Al riguardo, va segnalato, per completezza, che la Cassazione, con la sentenza da ultimo
intervenuta, ha rilevato la necessità di una revisione di tale orientamento giurisprudenziale, sulla
base delle istanze avanzate da una parte della dottrina, che, in contrasto con gli insegnamenti della
Corte Costituzionale, sostiene che la disciplina limitativa dei licenziamenti individuali debba essere
applicata non solo nel corso dello svolgimento dell'apprendistato, ma anche al momento del termine
del rapporto stesso, in occasione dell'eventuale disdetta, per cui anche la mancata trasformazione
del rapporto a tempo indeterminato dovrebbe essere soggetta a giusta causa o giustificato motivo.
Secondo questa dottrina, l'ammissibilità di un recesso libero in occasione della scadenza del
rapporto non è conciliabile con la pacifica applicazione della legge n. 604/1966 durante il corso del
rapporto stesso, e con la progressiva assimilazione fra apprendisti e altri lavoratori subordinati.
La Sezione Lavoro, sulla base di questa tesi, ha rilevato che i principi affermati dalla giurisprudenza
costituzionale e di legittimità vanno sottoposti "ad una verifica, imposta dalla generalizzazione del
recesso causale, come fattispecie ordinaria di licenziamento quale introdotta dalla legge 11 maggio
1990, n. 108, verifica già evidenziata da una parte della dottrina, che ha ritenuto come l'ordinaria
disciplina limitativa dei licenziamenti individuali trovi normale applicazione -- ricorrendone i
presupposti di legge - non solo durante il periodo di apprendistato, ma anche al momento della sua
ultimazione.
Sotto questo profilo, va, comunque, rimarcato che le affermazioni della Suprema Corte, che
possono costituire un indizio di quella che potrebbe essere la linea di sviluppo interpretativa della
stessa Sezione Lavoro, rivestono, nell'ambito della sentenza in esame, il mero valore di un obiter
dictum, cioè di affermazioni che esorbitano dalla domanda giudiziale, e quindi dal problema di
diritto che la Corte doveva dirimere, il quale, come già detto, concerneva il caso di un recesso dal
rapporto di apprendistato intimato anteriormente alla scadenza del termine del contratto.

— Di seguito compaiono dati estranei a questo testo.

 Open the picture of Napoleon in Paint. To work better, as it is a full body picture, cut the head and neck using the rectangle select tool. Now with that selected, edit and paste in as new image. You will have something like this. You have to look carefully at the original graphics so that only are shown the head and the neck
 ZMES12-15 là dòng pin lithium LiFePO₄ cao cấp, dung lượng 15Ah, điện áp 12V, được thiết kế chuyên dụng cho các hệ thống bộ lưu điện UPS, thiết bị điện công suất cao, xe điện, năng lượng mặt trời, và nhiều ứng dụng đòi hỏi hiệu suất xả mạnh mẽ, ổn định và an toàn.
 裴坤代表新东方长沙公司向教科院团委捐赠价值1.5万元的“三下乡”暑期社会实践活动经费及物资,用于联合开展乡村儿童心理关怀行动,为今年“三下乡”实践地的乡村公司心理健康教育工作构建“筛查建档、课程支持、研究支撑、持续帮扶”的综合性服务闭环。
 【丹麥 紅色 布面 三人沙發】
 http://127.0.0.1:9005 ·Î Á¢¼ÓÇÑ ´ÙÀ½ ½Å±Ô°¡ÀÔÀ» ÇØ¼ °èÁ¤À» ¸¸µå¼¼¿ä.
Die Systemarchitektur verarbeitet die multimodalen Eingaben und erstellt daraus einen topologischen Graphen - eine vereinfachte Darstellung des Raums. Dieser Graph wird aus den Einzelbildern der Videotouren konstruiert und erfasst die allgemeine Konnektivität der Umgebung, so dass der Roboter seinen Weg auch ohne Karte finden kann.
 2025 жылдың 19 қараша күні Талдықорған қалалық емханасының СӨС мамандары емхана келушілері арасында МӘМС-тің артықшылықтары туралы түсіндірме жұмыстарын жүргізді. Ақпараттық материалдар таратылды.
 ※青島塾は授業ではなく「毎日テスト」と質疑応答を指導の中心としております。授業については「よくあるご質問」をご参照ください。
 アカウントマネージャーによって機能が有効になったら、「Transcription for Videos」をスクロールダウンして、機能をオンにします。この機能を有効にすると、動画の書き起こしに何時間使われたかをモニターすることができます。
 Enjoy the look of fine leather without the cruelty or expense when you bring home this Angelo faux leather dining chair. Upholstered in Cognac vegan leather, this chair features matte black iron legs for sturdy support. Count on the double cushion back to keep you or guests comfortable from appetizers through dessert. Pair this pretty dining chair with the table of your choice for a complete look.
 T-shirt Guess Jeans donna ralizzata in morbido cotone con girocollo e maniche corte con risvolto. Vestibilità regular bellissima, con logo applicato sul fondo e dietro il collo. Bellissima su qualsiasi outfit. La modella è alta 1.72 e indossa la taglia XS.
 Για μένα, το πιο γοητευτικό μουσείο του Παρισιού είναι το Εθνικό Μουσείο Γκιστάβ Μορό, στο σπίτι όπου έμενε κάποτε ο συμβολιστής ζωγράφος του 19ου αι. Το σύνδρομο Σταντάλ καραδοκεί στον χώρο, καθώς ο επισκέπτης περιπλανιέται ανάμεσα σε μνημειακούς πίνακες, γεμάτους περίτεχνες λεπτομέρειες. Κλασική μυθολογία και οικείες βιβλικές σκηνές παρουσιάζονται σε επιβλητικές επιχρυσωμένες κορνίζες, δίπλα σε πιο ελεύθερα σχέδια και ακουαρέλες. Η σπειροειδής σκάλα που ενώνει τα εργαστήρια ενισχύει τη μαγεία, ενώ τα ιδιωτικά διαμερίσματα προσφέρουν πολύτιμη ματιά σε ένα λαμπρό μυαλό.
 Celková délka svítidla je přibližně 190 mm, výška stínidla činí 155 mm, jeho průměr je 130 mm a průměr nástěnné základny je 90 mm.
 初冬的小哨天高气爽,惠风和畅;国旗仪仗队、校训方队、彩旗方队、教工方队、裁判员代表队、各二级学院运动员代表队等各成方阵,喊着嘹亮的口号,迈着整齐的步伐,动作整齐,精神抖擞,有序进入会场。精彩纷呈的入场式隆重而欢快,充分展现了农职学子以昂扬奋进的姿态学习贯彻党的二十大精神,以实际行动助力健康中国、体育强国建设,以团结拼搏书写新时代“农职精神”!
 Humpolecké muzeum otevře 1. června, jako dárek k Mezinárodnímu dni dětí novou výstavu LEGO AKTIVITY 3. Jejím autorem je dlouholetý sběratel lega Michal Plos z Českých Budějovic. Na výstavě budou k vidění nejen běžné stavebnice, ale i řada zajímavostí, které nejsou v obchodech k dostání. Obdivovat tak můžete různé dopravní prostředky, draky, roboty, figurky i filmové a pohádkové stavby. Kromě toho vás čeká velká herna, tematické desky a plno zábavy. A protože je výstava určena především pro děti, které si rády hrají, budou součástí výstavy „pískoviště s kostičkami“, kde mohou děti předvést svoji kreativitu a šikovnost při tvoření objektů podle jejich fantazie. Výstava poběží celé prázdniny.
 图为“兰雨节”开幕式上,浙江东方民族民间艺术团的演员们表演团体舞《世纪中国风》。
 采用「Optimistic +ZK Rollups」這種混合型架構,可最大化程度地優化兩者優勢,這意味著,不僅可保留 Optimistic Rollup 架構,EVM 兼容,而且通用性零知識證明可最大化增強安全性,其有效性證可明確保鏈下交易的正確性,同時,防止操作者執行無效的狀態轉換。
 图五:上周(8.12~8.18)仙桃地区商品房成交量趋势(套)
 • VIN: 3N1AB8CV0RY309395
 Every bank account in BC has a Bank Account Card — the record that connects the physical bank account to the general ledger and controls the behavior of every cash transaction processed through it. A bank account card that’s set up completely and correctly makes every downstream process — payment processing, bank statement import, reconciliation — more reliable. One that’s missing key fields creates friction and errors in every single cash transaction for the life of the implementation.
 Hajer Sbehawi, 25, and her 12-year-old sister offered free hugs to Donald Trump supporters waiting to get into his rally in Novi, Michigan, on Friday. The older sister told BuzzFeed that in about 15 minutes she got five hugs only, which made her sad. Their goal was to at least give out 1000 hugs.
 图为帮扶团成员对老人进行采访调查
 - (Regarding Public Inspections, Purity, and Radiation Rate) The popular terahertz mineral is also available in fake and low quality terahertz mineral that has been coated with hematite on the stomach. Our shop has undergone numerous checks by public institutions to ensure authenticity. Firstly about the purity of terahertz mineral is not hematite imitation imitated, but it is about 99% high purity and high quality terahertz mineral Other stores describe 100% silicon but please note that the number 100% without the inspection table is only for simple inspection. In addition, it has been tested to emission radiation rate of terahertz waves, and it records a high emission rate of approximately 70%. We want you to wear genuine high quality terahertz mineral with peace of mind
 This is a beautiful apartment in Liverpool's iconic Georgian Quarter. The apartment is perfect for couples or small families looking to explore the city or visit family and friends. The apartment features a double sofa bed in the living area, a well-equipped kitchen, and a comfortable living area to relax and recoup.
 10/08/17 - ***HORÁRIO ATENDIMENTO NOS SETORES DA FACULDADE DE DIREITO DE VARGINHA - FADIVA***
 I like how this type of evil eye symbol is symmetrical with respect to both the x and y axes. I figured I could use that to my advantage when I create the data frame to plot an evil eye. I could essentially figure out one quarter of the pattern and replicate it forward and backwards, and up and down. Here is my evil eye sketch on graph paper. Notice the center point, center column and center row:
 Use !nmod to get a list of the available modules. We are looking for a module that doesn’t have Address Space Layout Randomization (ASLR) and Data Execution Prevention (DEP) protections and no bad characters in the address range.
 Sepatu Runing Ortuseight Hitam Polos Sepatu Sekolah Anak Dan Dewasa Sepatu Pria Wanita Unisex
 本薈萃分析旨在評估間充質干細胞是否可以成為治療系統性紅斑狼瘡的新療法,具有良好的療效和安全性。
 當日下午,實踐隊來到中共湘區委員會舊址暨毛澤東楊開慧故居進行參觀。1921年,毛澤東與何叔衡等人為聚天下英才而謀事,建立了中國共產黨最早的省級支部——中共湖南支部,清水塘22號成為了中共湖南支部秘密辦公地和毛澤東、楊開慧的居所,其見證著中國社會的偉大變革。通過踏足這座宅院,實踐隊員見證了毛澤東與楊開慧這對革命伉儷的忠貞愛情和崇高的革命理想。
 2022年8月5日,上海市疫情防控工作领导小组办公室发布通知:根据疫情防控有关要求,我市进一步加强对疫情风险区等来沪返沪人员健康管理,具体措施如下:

Peraltro, l’applicazione delle regole sul "recesso causale" anche alla disdetta al termine del
rapporto, oltre a discostarsi dalla ricostruzione formulata dalla Corte Costituzionale, non tiene conto
della diversità che sussiste fra il licenziamento per giusta causa o giustificato motivo e la disdetta ex
art. 19 della legge n. 25/1955, che non è un ipotesi di licenziamento, ma ha lo scopo di impedire la
trasformazione dell'apprendistato in un ordinario rapporto a tempo indeterminato. Come rilevato da
autorevole dottrina, per giungere ad applicare alla disdetta il regime di tutela contro i licenziamenti
illegittimi sarebbe necessaria un'abrogazione espressa o una pronuncia di illegittimità costituzionale
dello stesso art. 19 della legge n. 25/1955.